> **EXERCISE REQUIREMENTS**: Your answer should hold the data exactly as given, minus any picture.

> **DATA BLOCK**:

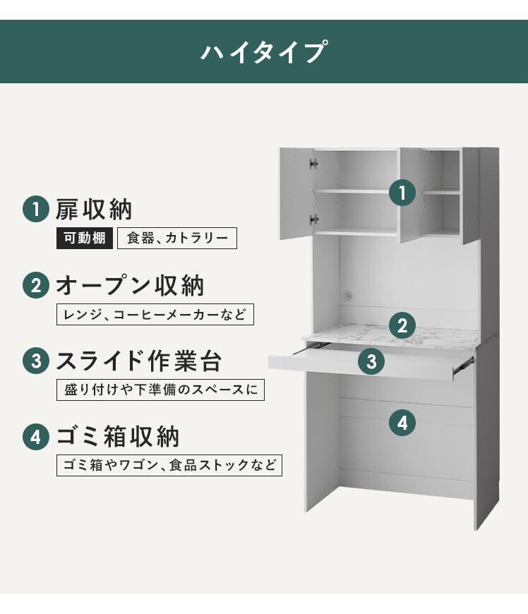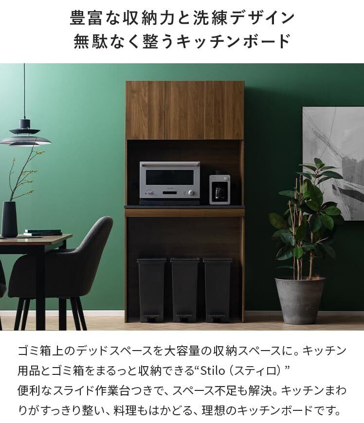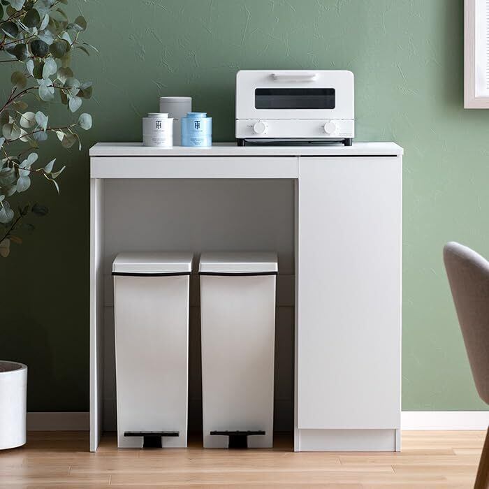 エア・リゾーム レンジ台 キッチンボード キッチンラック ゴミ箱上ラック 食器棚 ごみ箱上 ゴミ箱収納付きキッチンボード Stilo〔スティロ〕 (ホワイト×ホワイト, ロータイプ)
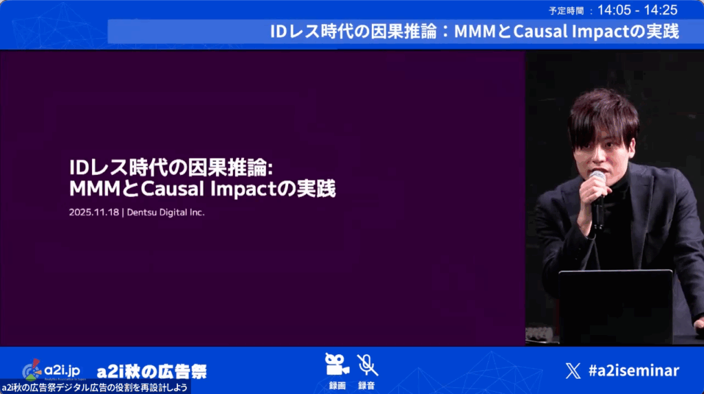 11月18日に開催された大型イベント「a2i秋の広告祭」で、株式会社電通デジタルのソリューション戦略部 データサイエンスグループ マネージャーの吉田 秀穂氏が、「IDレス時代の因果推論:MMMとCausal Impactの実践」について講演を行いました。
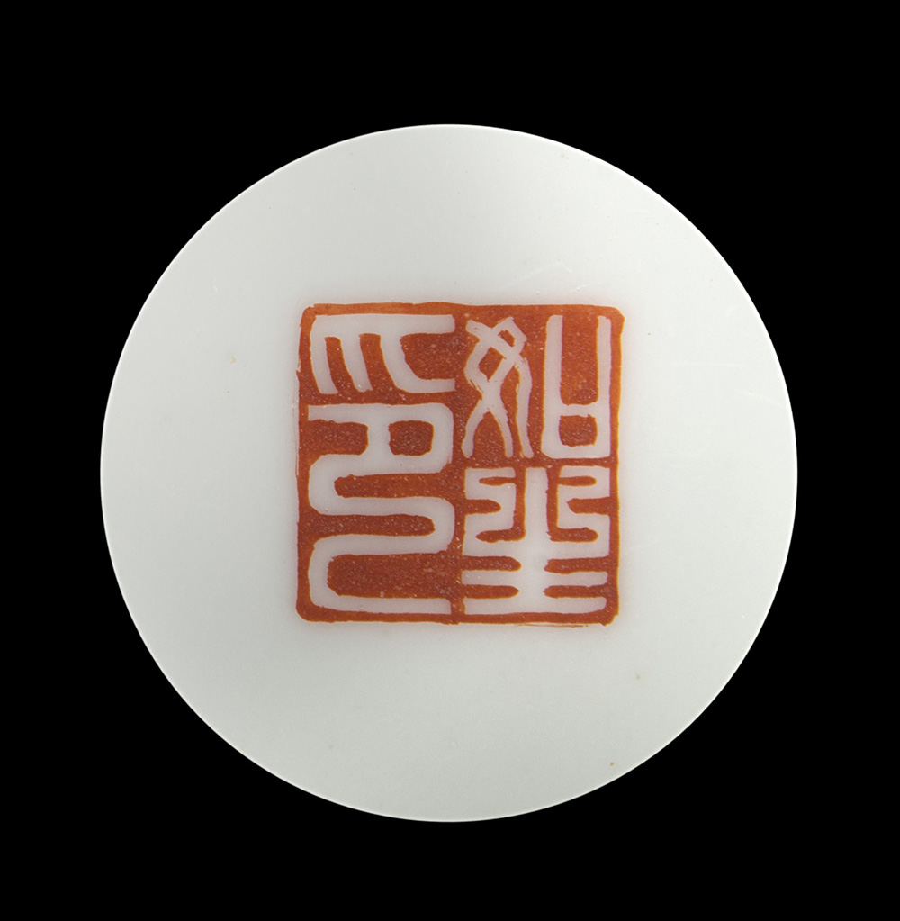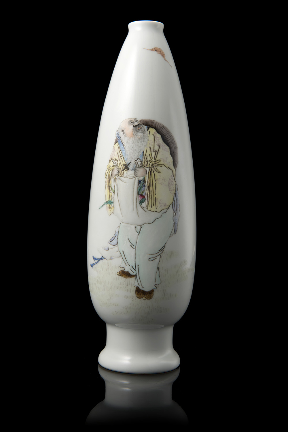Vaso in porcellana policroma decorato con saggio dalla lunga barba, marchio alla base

> **FINISHED EXERCISE**:
 エア・リゾーム レンジ台 キッチンボード キッチンラック ゴミ箱上ラック 食器棚 ごみ箱上 ゴミ箱収納付きキッチンボード Stilo〔スティロ〕 (ホワイト×ホワイト, ロータイプ)
 11月18日に開催された大型イベント「a2i秋の広告祭」で、株式会社電通デジタルのソリューション戦略部 データサイエンスグループ マネージャーの吉田 秀穂氏が、「IDレス時代の因果推論:MMMとCausal Impactの実践」について講演を行いました。
Vaso in porcellana policroma decorato con saggio dalla lunga barba, marchio alla base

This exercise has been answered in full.